WHAT YOU NEED TO DO — Your answer should hold exactly the lines below from the line with "POWYBORCZY PEJZAŻ W GMINIE SUCHY LAS s. 6-7" through the line with "Московский Кремль при", both included, and no pictures at all.

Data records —
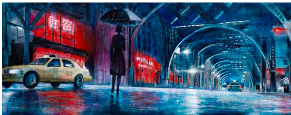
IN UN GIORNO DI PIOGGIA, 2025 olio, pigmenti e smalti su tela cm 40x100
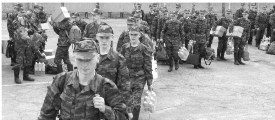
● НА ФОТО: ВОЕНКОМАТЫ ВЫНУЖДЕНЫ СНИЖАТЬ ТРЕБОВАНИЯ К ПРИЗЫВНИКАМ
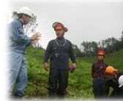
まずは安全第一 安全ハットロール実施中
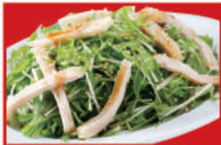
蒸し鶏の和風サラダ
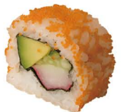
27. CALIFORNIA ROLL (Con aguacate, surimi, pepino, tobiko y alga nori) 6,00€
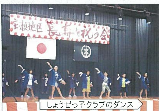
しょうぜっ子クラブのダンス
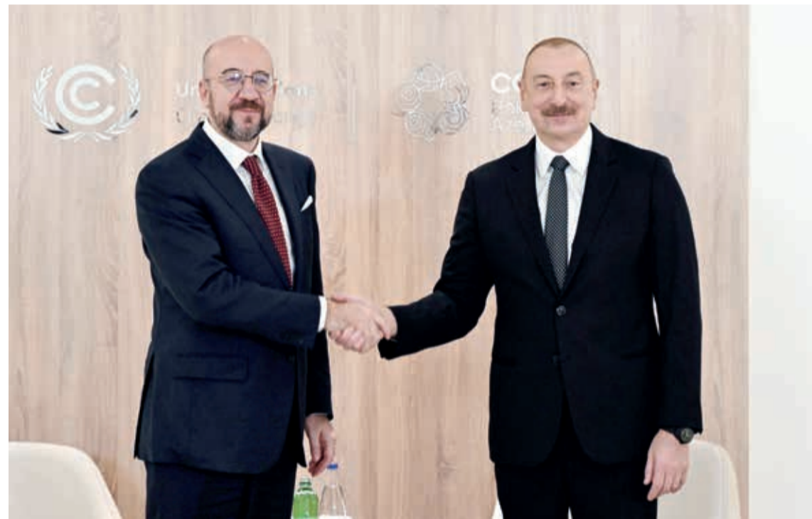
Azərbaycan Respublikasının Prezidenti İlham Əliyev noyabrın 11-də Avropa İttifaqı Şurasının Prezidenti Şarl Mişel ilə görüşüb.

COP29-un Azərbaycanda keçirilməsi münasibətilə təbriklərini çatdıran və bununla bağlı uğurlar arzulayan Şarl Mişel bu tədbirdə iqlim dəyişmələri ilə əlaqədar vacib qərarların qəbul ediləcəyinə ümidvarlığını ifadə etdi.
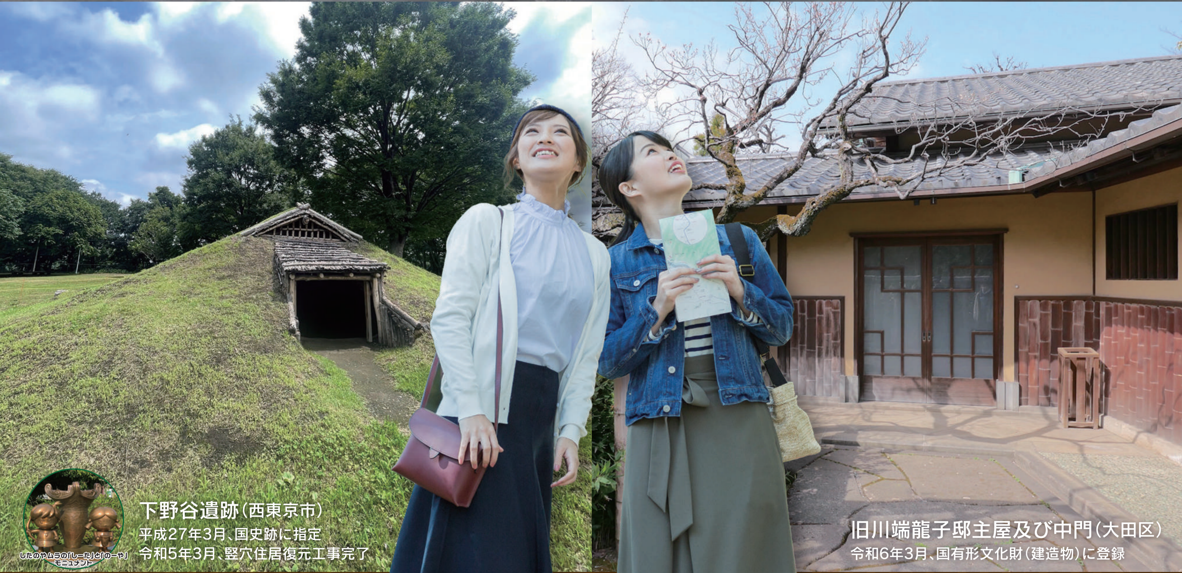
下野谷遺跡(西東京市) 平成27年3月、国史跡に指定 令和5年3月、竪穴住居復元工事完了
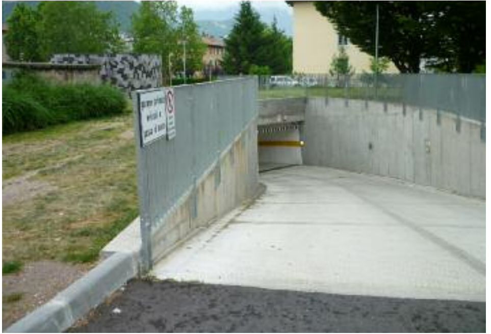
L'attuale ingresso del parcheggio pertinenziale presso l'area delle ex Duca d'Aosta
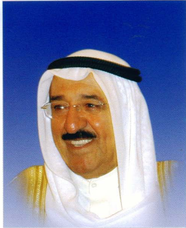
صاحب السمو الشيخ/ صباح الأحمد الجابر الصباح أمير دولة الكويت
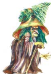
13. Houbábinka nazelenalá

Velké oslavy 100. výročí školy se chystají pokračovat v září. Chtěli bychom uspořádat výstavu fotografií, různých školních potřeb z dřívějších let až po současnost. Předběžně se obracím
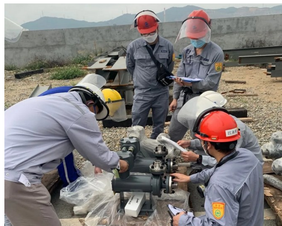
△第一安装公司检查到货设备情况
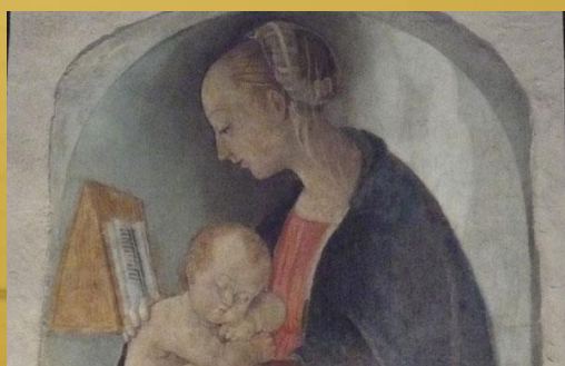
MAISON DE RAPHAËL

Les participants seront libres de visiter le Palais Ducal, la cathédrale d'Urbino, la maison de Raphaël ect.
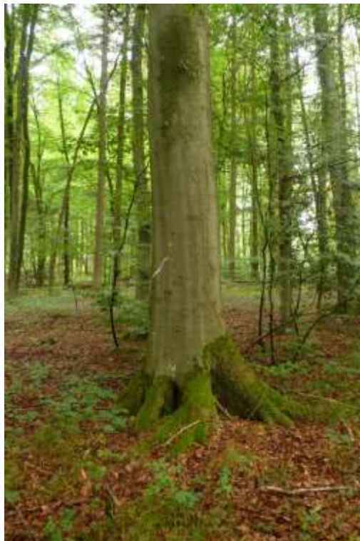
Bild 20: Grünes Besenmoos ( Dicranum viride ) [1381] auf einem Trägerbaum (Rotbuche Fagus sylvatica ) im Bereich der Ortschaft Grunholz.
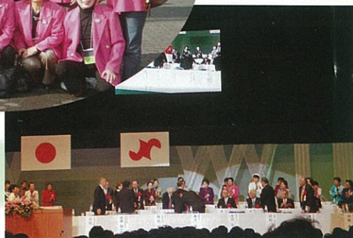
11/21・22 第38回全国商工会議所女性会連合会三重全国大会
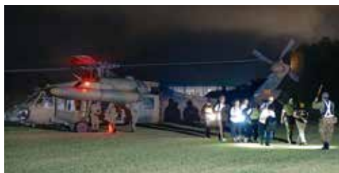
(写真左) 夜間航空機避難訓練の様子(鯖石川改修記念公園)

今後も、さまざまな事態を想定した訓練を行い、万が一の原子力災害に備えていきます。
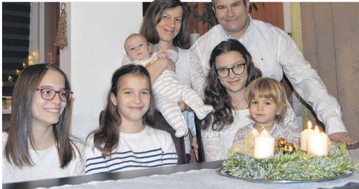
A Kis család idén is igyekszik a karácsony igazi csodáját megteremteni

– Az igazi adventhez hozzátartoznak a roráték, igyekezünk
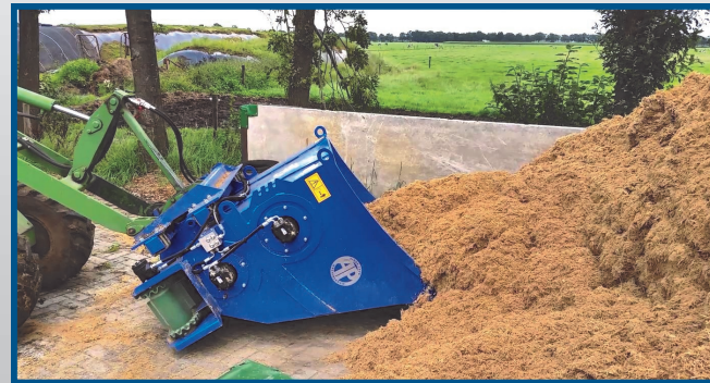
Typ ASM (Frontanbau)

==

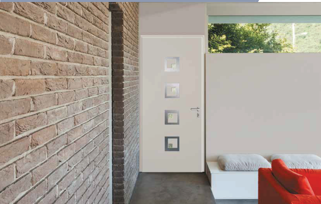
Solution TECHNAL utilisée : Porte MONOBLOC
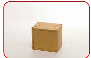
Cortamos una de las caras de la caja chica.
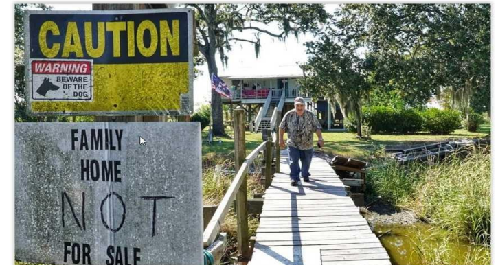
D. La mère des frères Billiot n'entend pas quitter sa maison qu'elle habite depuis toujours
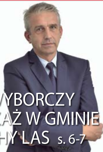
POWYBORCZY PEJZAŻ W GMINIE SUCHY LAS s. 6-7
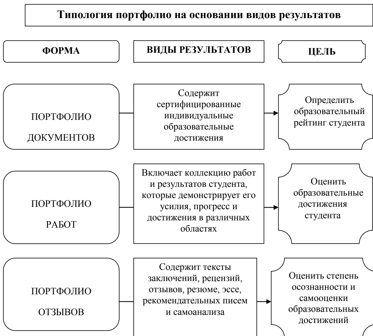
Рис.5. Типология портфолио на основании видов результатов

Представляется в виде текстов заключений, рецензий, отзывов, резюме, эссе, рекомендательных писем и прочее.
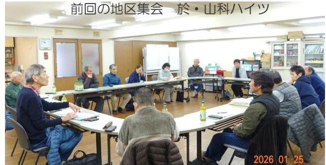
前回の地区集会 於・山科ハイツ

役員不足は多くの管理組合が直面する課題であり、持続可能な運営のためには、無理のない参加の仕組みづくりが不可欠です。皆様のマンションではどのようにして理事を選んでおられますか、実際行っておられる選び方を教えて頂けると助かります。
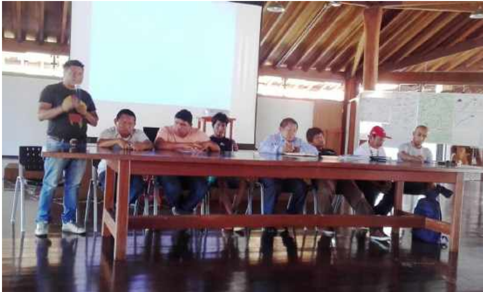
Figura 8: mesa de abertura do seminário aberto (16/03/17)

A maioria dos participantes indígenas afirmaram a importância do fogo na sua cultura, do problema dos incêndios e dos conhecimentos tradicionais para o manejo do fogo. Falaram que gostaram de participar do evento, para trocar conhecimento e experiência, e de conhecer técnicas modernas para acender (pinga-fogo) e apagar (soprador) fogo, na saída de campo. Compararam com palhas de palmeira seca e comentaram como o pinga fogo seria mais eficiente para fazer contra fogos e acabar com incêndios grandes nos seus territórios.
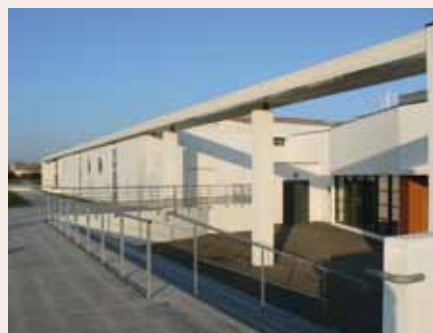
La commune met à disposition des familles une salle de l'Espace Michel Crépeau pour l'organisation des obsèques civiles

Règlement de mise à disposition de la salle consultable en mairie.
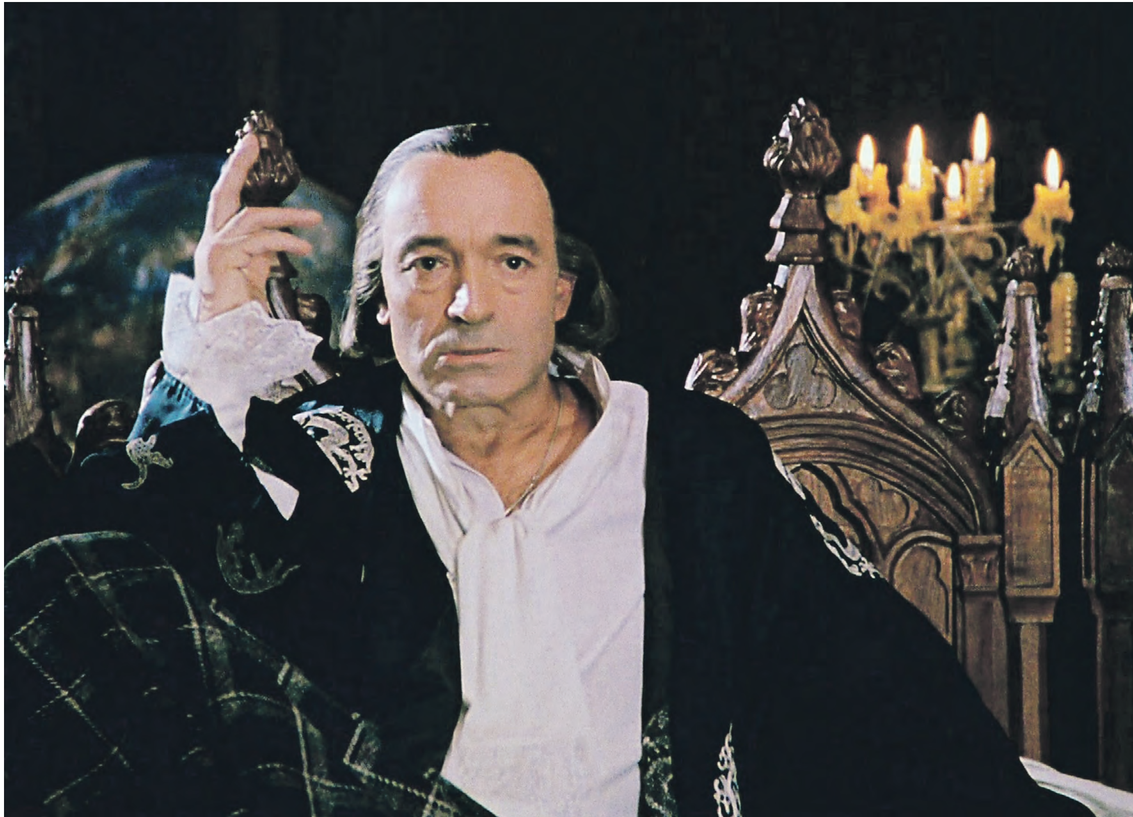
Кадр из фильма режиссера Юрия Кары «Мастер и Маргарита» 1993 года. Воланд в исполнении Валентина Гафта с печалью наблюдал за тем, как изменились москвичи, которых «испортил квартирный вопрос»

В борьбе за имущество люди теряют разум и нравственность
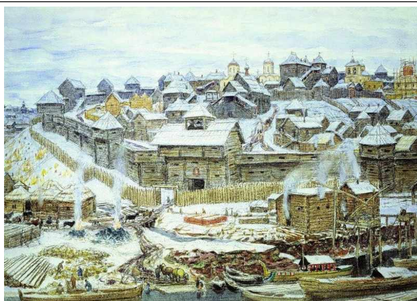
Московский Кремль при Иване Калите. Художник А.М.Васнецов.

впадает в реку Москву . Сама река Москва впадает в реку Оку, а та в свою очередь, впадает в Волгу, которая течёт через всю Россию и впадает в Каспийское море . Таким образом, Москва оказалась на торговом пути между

REPLY TO THE TASK —
POWYBORCZY PEJZAŻ W GMINIE SUCHY LAS s. 6-7
Рис.5. Типология портфолио на основании видов результатов

Представляется в виде текстов заключений, рецензий, отзывов, резюме, эссе, рекомендательных писем и прочее.
前回の地区集会 於・山科ハイツ

役員不足は多くの管理組合が直面する課題であり、持続可能な運営のためには、無理のない参加の仕組みづくりが不可欠です。皆様のマンションではどのようにして理事を選んでおられますか、実際行っておられる選び方を教えて頂けると助かります。
Figura 8: mesa de abertura do seminário aberto (16/03/17)

A maioria dos participantes indígenas afirmaram a importância do fogo na sua cultura, do problema dos incêndios e dos conhecimentos tradicionais para o manejo do fogo. Falaram que gostaram de participar do evento, para trocar conhecimento e experiência, e de conhecer técnicas modernas para acender (pinga-fogo) e apagar (soprador) fogo, na saída de campo. Compararam com palhas de palmeira seca e comentaram como o pinga fogo seria mais eficiente para fazer contra fogos e acabar com incêndios grandes nos seus territórios.
La commune met à disposition des familles une salle de l'Espace Michel Crépeau pour l'organisation des obsèques civiles

Règlement de mise à disposition de la salle consultable en mairie.
Кадр из фильма режиссера Юрия Кары «Мастер и Маргарита» 1993 года. Воланд в исполнении Валентина Гафта с печалью наблюдал за тем, как изменились москвичи, которых «испортил квартирный вопрос»

В борьбе за имущество люди теряют разум и нравственность
Московский Кремль при Иване Калите. Художник А.М.Васнецов.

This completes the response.